Gnod is a small company, and its only revenue stream so far are adds in the site. In the future, they would like to explore partnership options with music apps (such as Deezer, Soundcloud or even Apple Music and Spotify). But for that to be possible, they need to expand and improve their recommendations.

That’s precisely where you come. They have hired you as a Data Analyst, and they expect you to bring a mix of technical expertise and business mindset to the table.

Jane, CTO of Gnod, has sent you an email assigning you with your first task

### Lab | Web Scraping Single Page

In [1]:
# get the Top 100
# https://www.popvortex.com/music/charts/top-100-songs.php
# https://playback.fm/charts

##### Lab 1
Start with Step 1:
Goal: List of 100 songs

- Scrap a list of **top 100 songs**
- Elements: Artist and title of the song

##### Lab 2
- Different notebook get more songs
- Focus on Practice web scraping (try at least 2)

##### Top 100 2023

In [2]:
# 1. import libraries
from bs4 import BeautifulSoup
import requests
import pandas as pd

In [3]:
# 2. find url and store it in a variable
url = "https://www.popvortex.com/music/charts/top-100-songs.php"

In [4]:
# 3. download html with a get request
response = requests.get(url) #gets the html and puts in response
#response.status_code

In [5]:
# 4.1. parse html (create the 'soup')
soup = BeautifulSoup(response.content, "html.parser")

In [6]:
# 4.2. check that the html code looks like it should
#soup.prettify()

In [7]:
# 5. retrieve/extract the desired info 
    # 1. Name of the artist
    # 2. Title of the song
    
soup.select("#chart-position-1 > div.chart-content.col-xs-12.col-sm-8 > p")

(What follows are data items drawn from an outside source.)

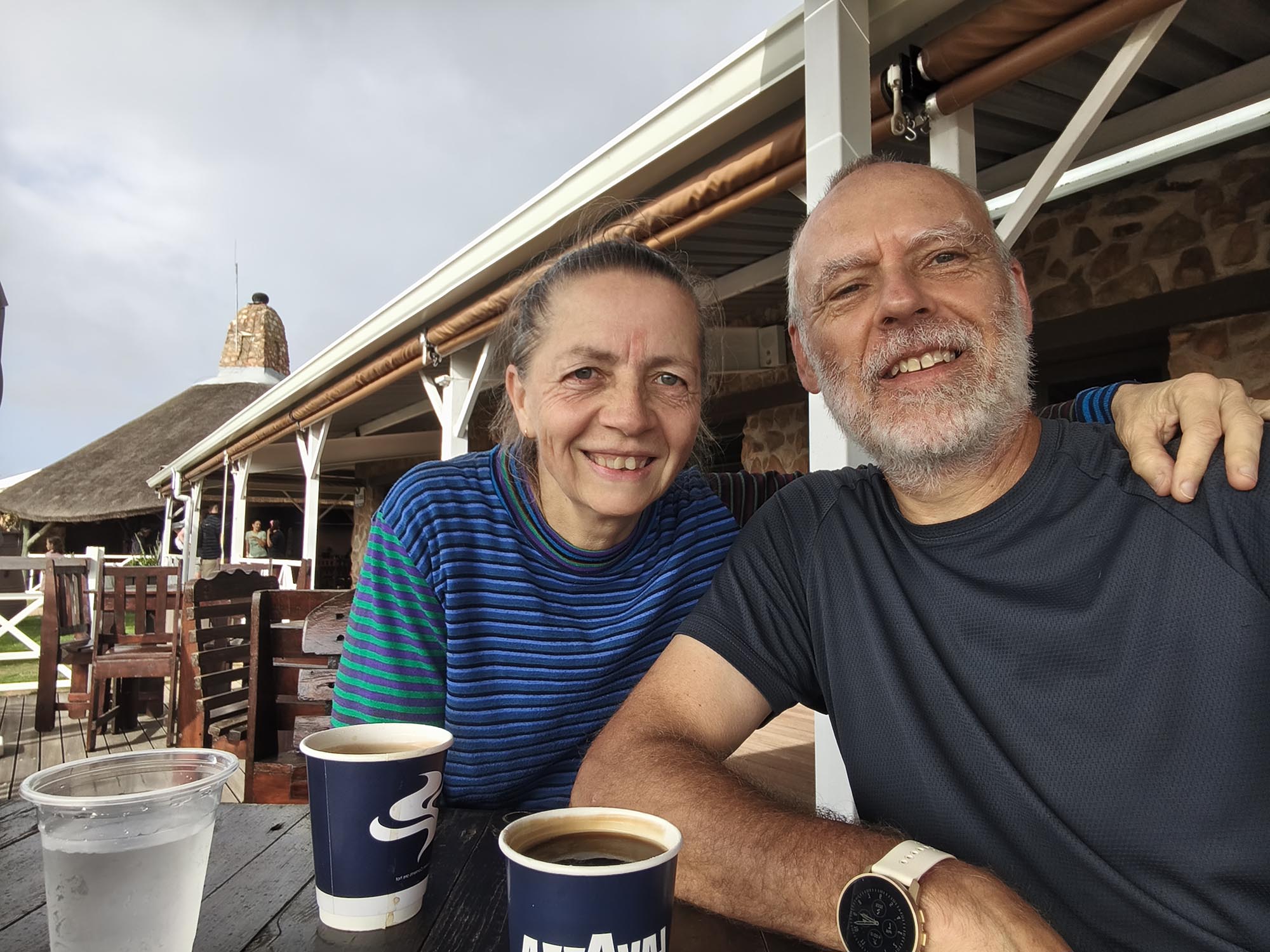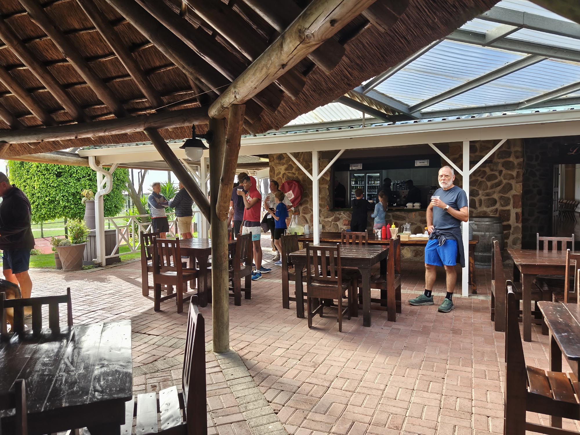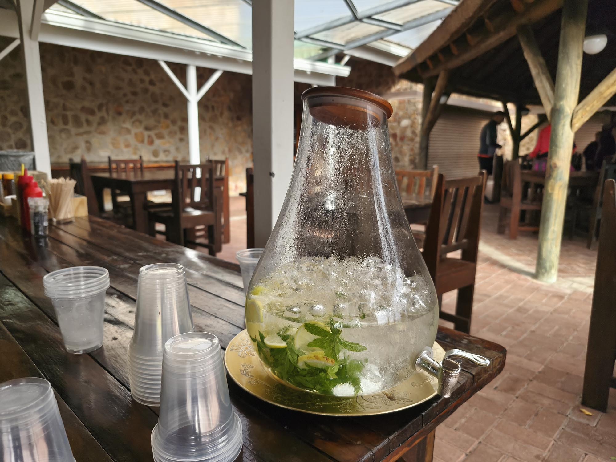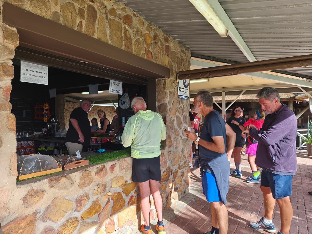 At the finish, coffee and snacks could be bought from the gorgeous stone and thatch roof venue. Water with lemon and mint were provided and the sheltered area meant a lot of participants were just relaxing and catching up. We bought a coffee and sat on the porch with a beautiful view over the farm thinking about life, death, running, and survival. A nagging concern that our upcoming flights might be cancelled (due to war and ultimately greed) and that we might not be able to get home, were thoughts I was trying to avoid.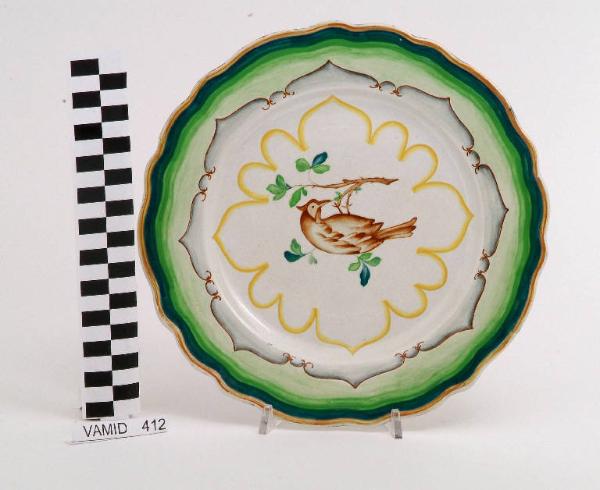 Piatto con orlo ondulato; fondo bianco con uccellino appeso a una ramo in marrone e verde al centro del cavetto e motivi decorativi geometrici in giallo, marrone e verde lungo l'ala; bordo rifinito in marrone.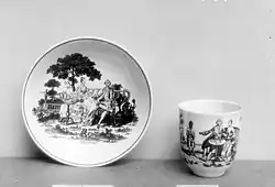 In 1755 Robert Podmore, a potter from the porcelain factory in Worcester, showed him and his business partner Philip Christian how to make porcelain using soapstone, discovered in Mullion Cove in Cornwall; Chaffers subsequently became a rival to Josiah Wedgwood.[1][2] Many pieces from the factory have transfer printing by John Sadler.[3]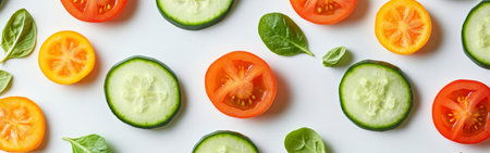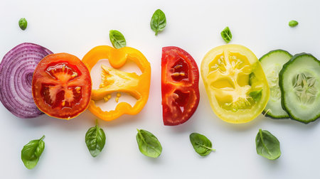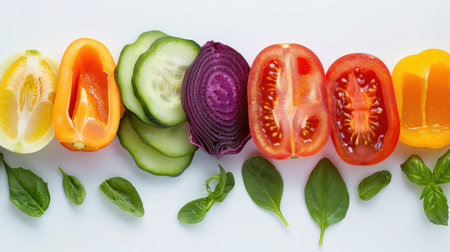 A vibrant display of fresh vegetables including slices of tomato, cucumber, bell pepper, and onion, accented with green basil leaves, ideal for healthy recipes.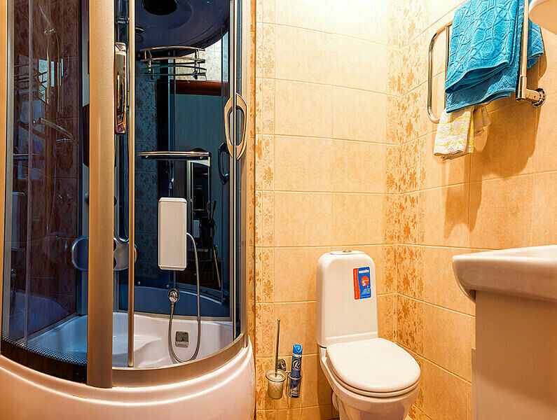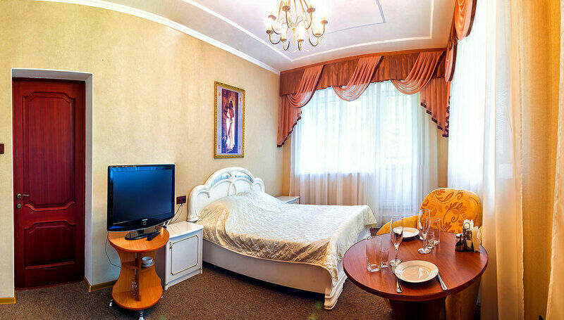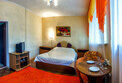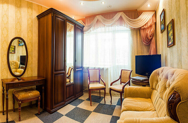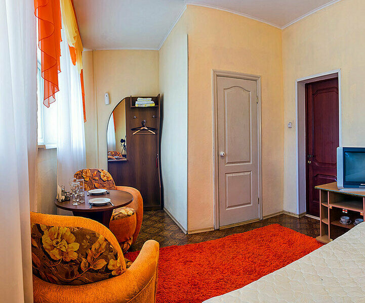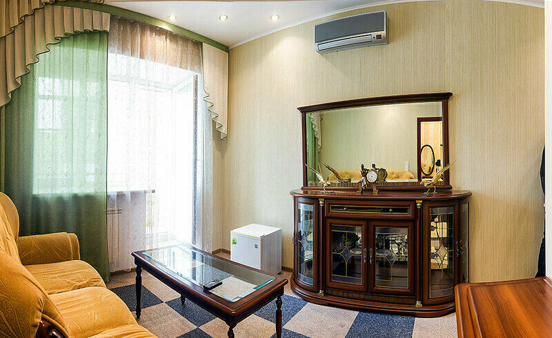 Двуспальная кровать, зона отдыха (стол, два кресла), телевизор, холодильник, чайник, кондиционер, санузел (туалет, раковина, душевая кабина, холодная и горячая вода), выход на балкон. Улучшенный набор мебели.

[<p class="title-artist"><cite class="title">Separate Ways (Worlds Apart) [feat. Lzzy Hale]</cite><em class="artist">Daughtry</em></p>]

In [8]:
soup.select("p.title-artist")

[<p class="title-artist"><cite class="title">Separate Ways (Worlds Apart) [feat. Lzzy Hale]</cite><em class="artist">Daughtry</em></p>,
 <p class="title-artist"><cite class="title">Anti-Hero</cite><em class="artist">Taylor Swift</em></p>,
 <p class="title-artist"><cite class="title">Unholy</cite><em class="artist">Sam Smith &amp; Kim Petras</em></p>,
 <p class="title-artist"><cite class="title">Heart Like A Truck</cite><em class="artist">Lainey Wilson</em></p>,
 <p class="title-artist"><cite class="title">Temperature</cite><em class="artist">Sean Paul</em></p>,
 <p class="title-artist"><cite class="title">Son Of A Sinner</cite><em class="artist">Jelly Roll</em></p>,
 <p class="title-artist"><cite class="title">Made You Look</cite><em class="artist">Meghan Trainor</em></p>,
 <p class="title-artist"><cite class="title">Lift Me Up (From Black Panther: Wakanda Forever - Music From and Inspired By)</cite><em class="artist">Rihanna</em></p>,
 <p class="title-artist"><cite class="title">Thoug

In [9]:
# just get the title
soup.select("p.title-artist cite")[0].get_text()

'Separate Ways (Worlds Apart) [feat. Lzzy Hale]'

In [10]:
# just get the artist
soup.select("p.title-artist em")[0].get_text()

'Daughtry'

In [11]:
# 6. Create lists to put everything in a table
artist = []
title = []

# 6.1. Define the number of iterations for the loop
num_iter = len(soup.select("p.title-artist"))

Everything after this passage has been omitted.